What needs to be done ▸ All the data should be repeated exactly. Any image in it is left out.

Top of Records shown

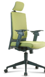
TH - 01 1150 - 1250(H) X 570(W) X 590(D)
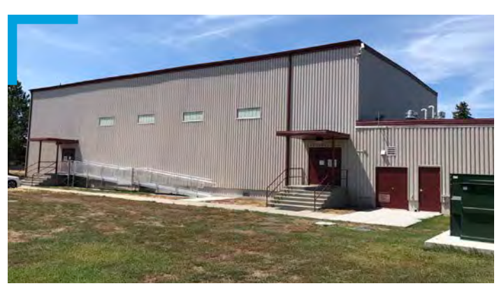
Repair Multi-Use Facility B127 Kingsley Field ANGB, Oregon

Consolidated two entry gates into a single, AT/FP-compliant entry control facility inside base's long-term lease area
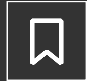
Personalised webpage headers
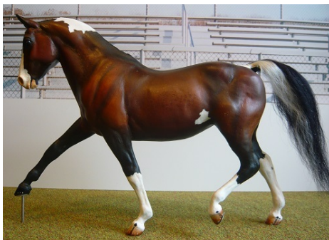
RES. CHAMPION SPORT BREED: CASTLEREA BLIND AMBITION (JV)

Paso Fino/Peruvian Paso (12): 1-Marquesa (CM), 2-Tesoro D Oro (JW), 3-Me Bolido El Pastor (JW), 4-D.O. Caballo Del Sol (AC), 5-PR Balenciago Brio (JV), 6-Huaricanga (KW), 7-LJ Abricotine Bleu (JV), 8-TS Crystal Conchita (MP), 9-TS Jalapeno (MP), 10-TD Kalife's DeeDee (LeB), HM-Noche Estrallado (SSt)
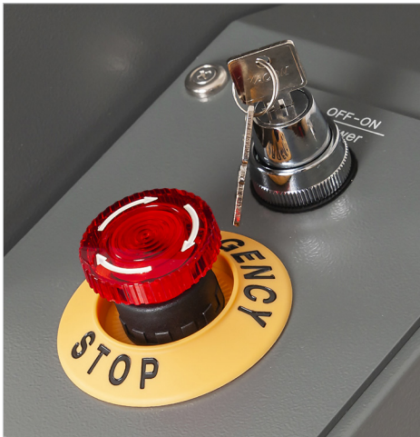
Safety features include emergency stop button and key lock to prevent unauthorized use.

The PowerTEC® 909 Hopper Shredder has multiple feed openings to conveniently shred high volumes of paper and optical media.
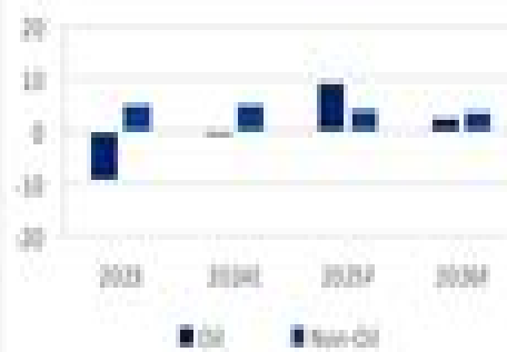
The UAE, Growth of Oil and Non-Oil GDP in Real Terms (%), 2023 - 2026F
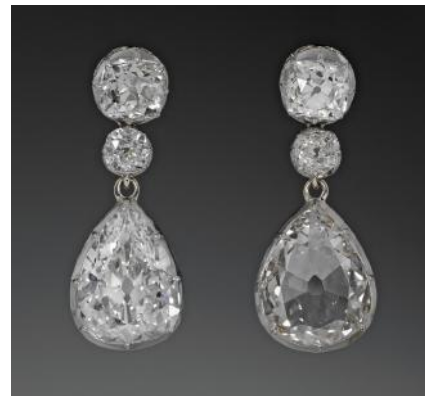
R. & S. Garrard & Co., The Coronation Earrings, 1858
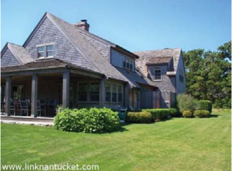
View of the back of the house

Bottom of Records shown

Written reply ▸
TH - 01 1150 - 1250(H) X 570(W) X 590(D)
Repair Multi-Use Facility B127 Kingsley Field ANGB, Oregon

Consolidated two entry gates into a single, AT/FP-compliant entry control facility inside base's long-term lease area
Personalised webpage headers
RES. CHAMPION SPORT BREED: CASTLEREA BLIND AMBITION (JV)

Paso Fino/Peruvian Paso (12): 1-Marquesa (CM), 2-Tesoro D Oro (JW), 3-Me Bolido El Pastor (JW), 4-D.O. Caballo Del Sol (AC), 5-PR Balenciago Brio (JV), 6-Huaricanga (KW), 7-LJ Abricotine Bleu (JV), 8-TS Crystal Conchita (MP), 9-TS Jalapeno (MP), 10-TD Kalife's DeeDee (LeB), HM-Noche Estrallado (SSt)
Safety features include emergency stop button and key lock to prevent unauthorized use.

The PowerTEC® 909 Hopper Shredder has multiple feed openings to conveniently shred high volumes of paper and optical media.
The UAE, Growth of Oil and Non-Oil GDP in Real Terms (%), 2023 - 2026F
R. & S. Garrard & Co., The Coronation Earrings, 1858
View of the back of the house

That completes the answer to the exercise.